*** Records to process ***
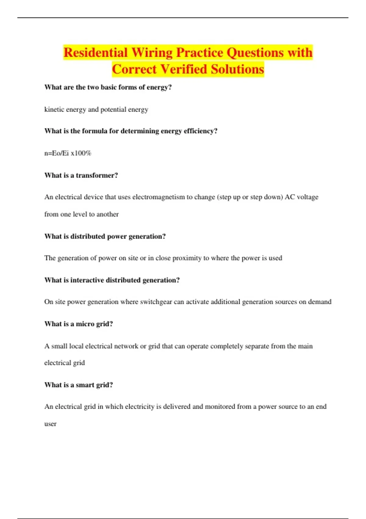 Residential Wiring Practice Questions with
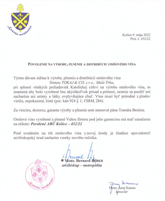 Wysokiej jakości markowe wino półsłodkie produkowane przy użyciu specjalnej, ściśle określonej technologii opartej na naturalnych zasadach, z gwarancją dojrzałości winogron, gdzie w procesie produkcji dopuszcza się jedynie ingerencję fizyczną. Podstawą są tokajskie odmiany Furmint i Lipovina. Ze względu na swoją naturalną naturę, wino to wykorzystywane jest nie tylko w celach religijnych, ale również przez miłośników wina, którzy pragną umilić sobie wolny czas. Moszczu i wina nie wolno dosładzać ani w żaden inny sposób modyfikować. Dlatego do produkcji wykorzystuje się winogrona, które dojrzały i osiągnęły odpowiednią słodycz. Jest on bardzo poszukiwany ze względu na swoją wyłącznie naturalną naturę. Ma całkowicie żółty kolor. Aromat owocowy, z subtelną nutą tokajską. Harmonijne, z pikantnymi i miętowymi taninami. Wino o harmonijnym smaku z korzennym i miętowym posmakiem. Podaje się je z makaronem, sałatkami warzywnymi i daniami z ryżem. Nadaje się również do deserów, ciast i serów.
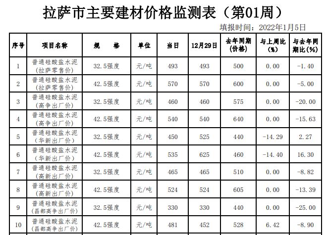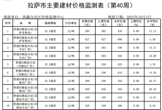 2022年內(nèi)各大水泥企業(yè)多次推漲,以止跌穩(wěn)價,推了一年也沒能將價格推到2021年末的水平線。一直處于市場價格相對高位的西藏區(qū)域,水泥價格也一改往年高不可攀的態(tài)勢,一路下跌。西藏發(fā)改委數(shù)據(jù)顯示, 2022年10月初,42.5標(biāo)號水泥報價在528~630元/噸之間。同年1月初42.5標(biāo)號水泥報價在481-570元/噸之間。高低價差在149元/噸,1月至10月跌幅約在9%左右。與以往年份900元/噸以上的市場價格相差較大。
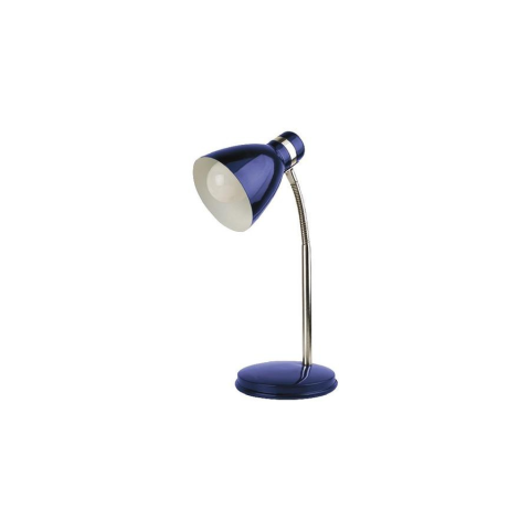 Praktikus íróasztali megvilágítást biztosító asztali lámpa. 32 cm magas, fémből készített, kék és króm színű lámpatest, kék színű, pozícionálható lámpabúrával, hálózati vezetékkel és kapcsolóval. A lámpatest max. 40W teljesítményű, E14-es foglalatú, halogén és energiatakarékos fényforrással is használható.
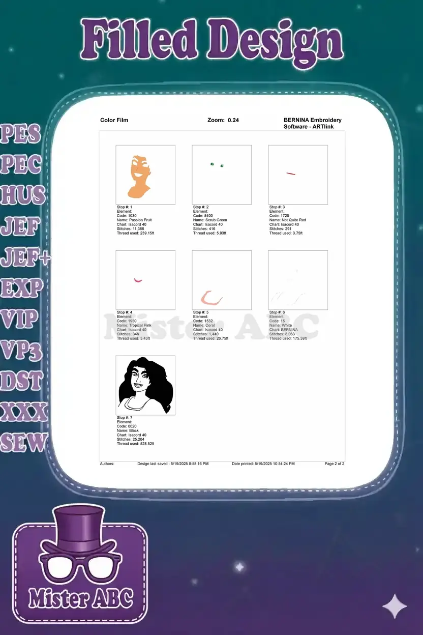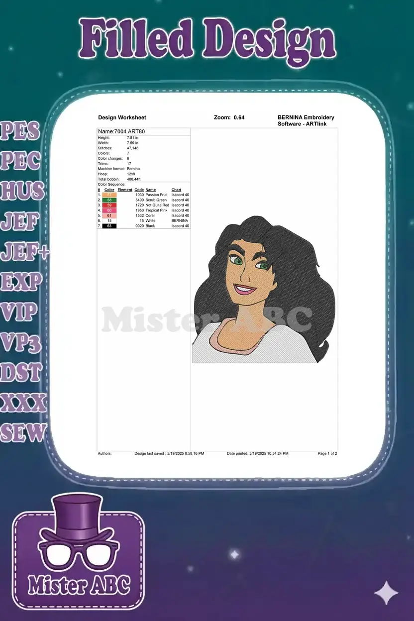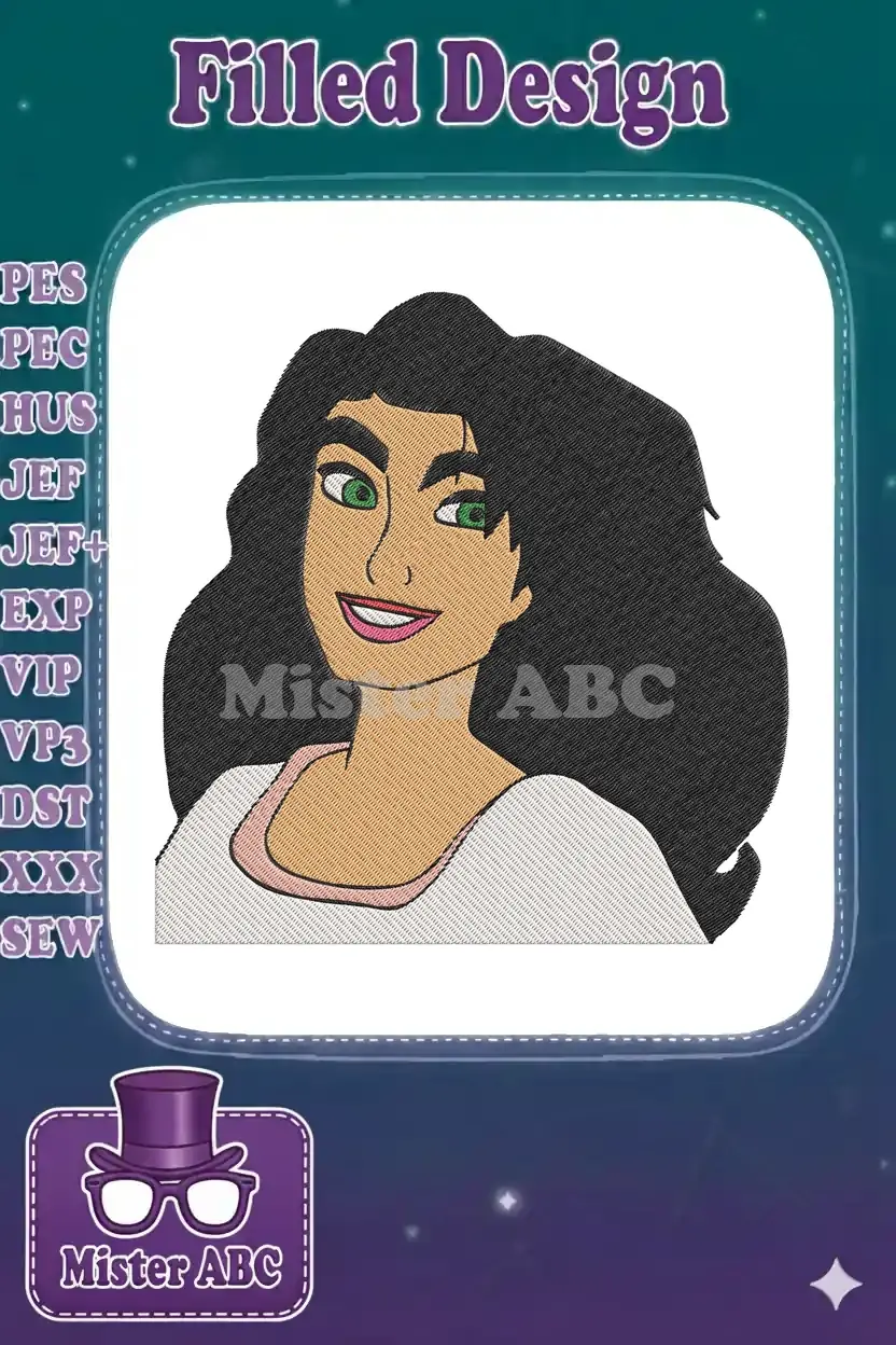 Beautiful Esmeralda inspired cartoon woman green eyes embroidery designs
*** End of Records to process ***
» Work required
Here the requirement is to restate exactly the line holding "Praktikus íróasztali megvilágítást" and every later line through the end of the material, omitting pictures.

» The completed task
 Praktikus íróasztali megvilágítást biztosító asztali lámpa. 32 cm magas, fémből készített, kék és króm színű lámpatest, kék színű, pozícionálható lámpabúrával, hálózati vezetékkel és kapcsolóval. A lámpatest max. 40W teljesítményű, E14-es foglalatú, halogén és energiatakarékos fényforrással is használható.
 Beautiful Esmeralda inspired cartoon woman green eyes embroidery designs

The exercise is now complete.